[Opening Records section]

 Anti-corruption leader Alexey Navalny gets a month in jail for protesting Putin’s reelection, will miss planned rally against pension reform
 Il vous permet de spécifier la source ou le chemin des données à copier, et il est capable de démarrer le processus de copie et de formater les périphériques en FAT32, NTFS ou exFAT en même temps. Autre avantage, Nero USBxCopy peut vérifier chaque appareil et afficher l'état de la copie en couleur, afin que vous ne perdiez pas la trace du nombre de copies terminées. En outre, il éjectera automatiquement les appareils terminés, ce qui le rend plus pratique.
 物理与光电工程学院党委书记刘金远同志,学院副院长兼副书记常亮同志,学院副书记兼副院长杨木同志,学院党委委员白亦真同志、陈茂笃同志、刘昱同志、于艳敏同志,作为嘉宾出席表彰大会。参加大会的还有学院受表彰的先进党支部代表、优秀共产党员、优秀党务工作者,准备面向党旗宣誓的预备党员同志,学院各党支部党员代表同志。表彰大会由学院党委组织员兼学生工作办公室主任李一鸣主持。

[Closing Records section]
[Opening Records section]

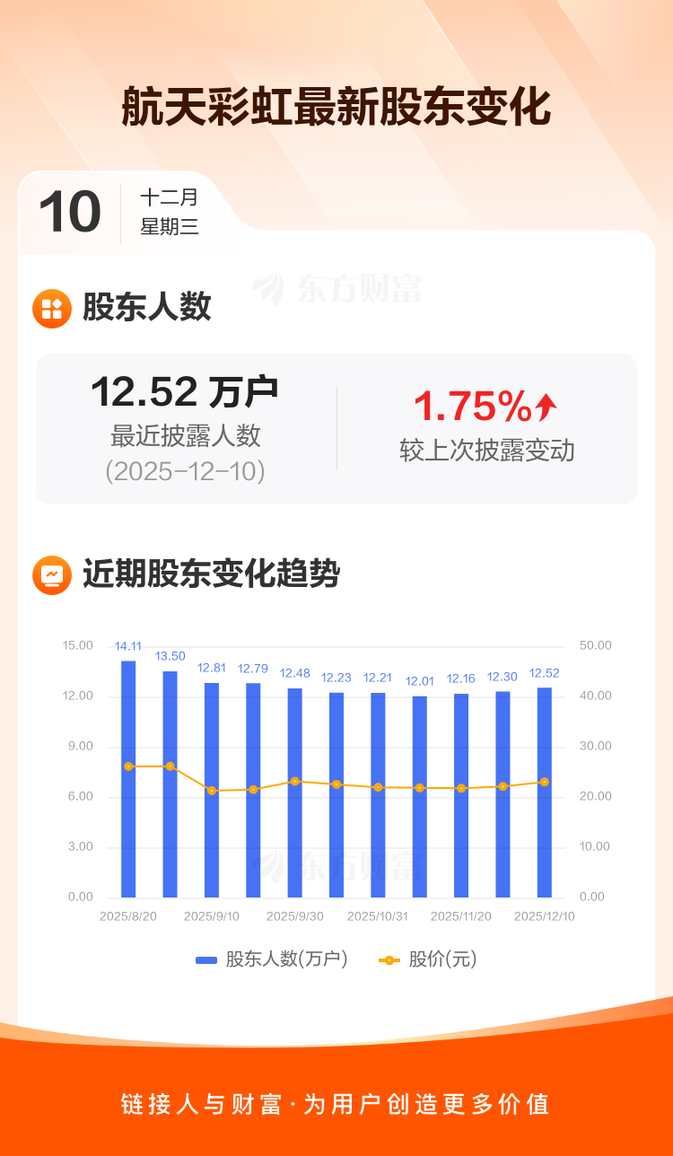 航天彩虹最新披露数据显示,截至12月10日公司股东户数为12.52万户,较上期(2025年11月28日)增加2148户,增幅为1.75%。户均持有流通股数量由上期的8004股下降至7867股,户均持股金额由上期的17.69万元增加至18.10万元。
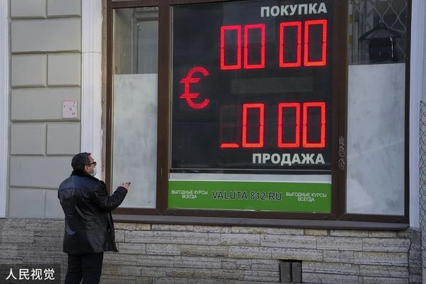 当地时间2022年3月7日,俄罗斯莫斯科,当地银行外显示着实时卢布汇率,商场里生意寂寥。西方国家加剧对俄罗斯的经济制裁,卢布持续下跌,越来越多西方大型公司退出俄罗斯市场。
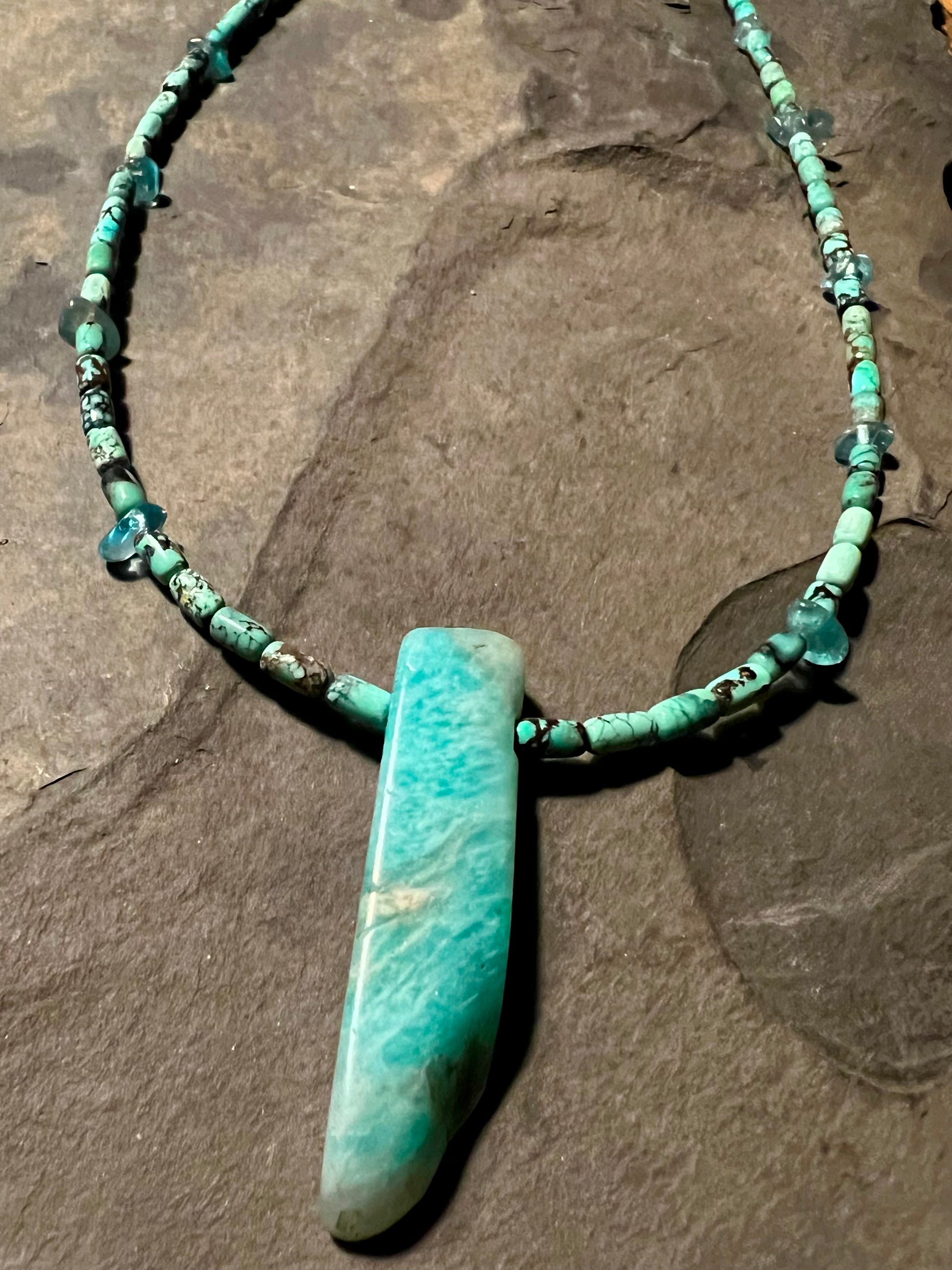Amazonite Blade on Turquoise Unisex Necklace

[Closing Records section]
[Opening Records section]

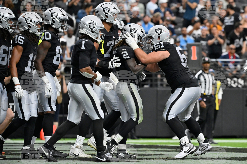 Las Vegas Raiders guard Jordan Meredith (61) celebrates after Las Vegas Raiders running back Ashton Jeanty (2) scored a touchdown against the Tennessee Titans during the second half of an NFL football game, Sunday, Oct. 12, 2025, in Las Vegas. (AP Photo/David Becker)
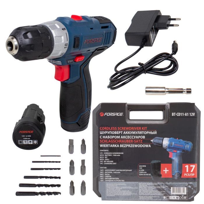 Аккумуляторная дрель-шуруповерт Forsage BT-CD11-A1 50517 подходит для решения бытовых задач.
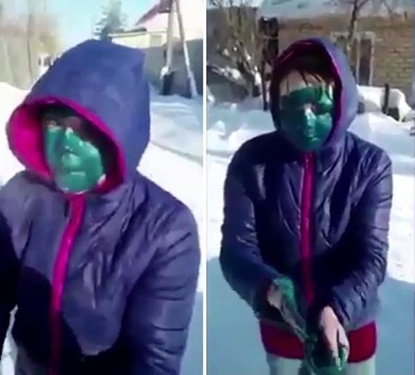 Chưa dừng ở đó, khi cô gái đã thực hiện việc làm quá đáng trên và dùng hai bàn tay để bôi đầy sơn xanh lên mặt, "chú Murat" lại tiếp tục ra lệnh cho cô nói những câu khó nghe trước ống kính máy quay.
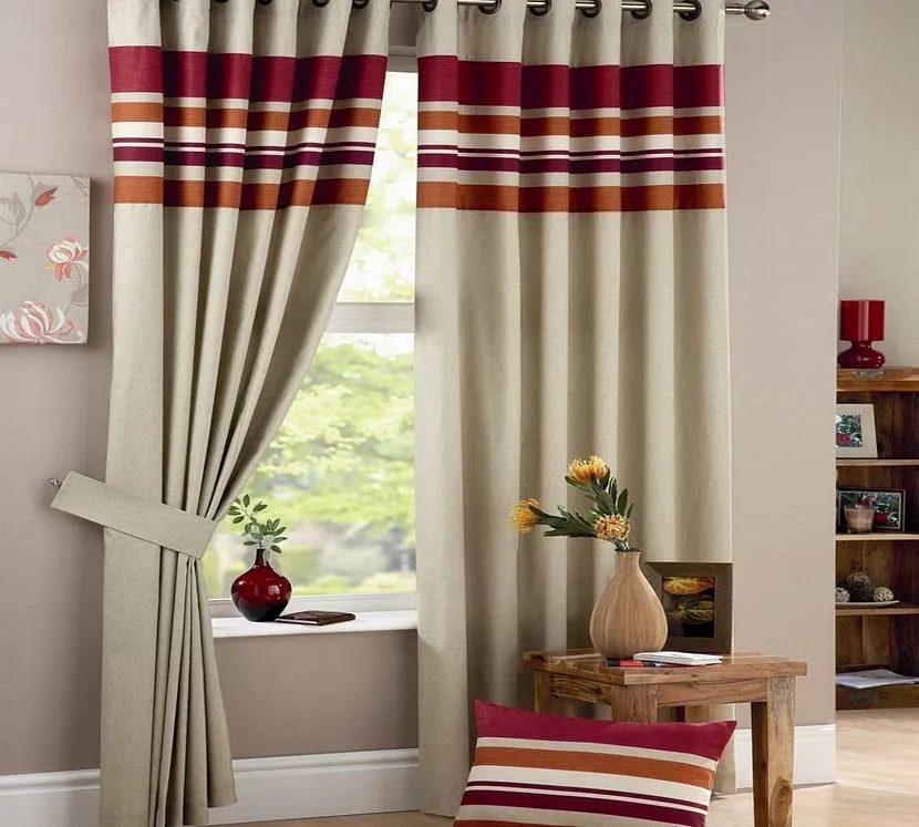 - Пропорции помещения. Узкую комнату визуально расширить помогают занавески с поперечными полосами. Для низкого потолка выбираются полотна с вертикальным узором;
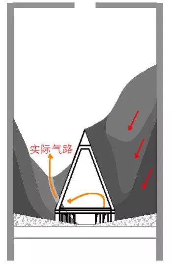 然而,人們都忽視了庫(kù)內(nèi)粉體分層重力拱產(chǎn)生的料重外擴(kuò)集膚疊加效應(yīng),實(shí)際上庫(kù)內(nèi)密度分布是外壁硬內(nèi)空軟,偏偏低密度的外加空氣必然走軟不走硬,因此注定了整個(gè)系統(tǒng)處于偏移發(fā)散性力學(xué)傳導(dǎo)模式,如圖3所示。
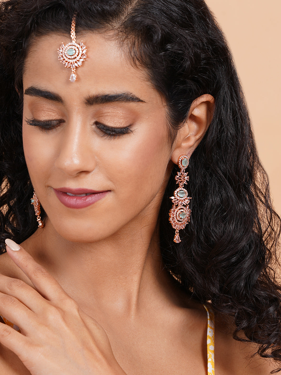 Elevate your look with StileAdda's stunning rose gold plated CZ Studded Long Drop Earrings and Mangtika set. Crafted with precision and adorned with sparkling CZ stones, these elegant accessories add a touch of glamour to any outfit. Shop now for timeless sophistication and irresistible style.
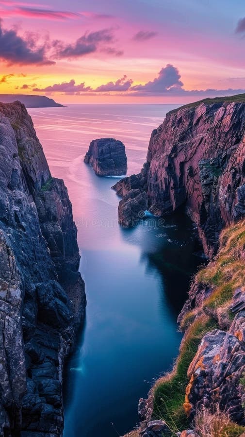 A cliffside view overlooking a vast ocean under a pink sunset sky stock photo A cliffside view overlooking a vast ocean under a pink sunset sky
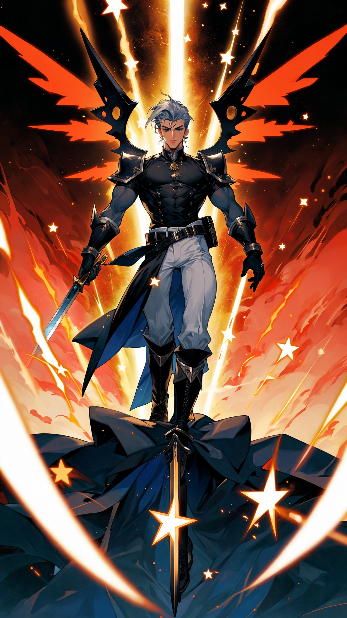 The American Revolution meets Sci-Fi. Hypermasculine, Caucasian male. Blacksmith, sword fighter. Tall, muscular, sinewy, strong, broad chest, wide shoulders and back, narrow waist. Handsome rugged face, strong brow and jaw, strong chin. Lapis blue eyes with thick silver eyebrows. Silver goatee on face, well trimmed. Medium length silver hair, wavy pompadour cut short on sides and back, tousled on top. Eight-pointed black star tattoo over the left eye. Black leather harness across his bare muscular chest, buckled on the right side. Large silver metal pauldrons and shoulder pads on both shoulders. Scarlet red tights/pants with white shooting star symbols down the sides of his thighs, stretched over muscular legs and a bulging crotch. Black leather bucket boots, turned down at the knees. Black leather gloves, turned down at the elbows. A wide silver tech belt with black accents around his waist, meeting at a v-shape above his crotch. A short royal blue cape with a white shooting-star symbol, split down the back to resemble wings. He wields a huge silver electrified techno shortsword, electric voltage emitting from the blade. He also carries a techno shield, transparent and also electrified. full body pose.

[Closing Records section]

### What to do
Exactly the lines above, from the one containing "当地时间2022年3月7日,俄罗斯莫斯科" down to the one containing "Amazonite Blade on Turquoise Unisex Necklace", are to be repeated, including both ends. Pictures are not part of the copy.

### Answer to this exercise
 当地时间2022年3月7日,俄罗斯莫斯科,当地银行外显示着实时卢布汇率,商场里生意寂寥。西方国家加剧对俄罗斯的经济制裁,卢布持续下跌,越来越多西方大型公司退出俄罗斯市场。
Amazonite Blade on Turquoise Unisex Necklace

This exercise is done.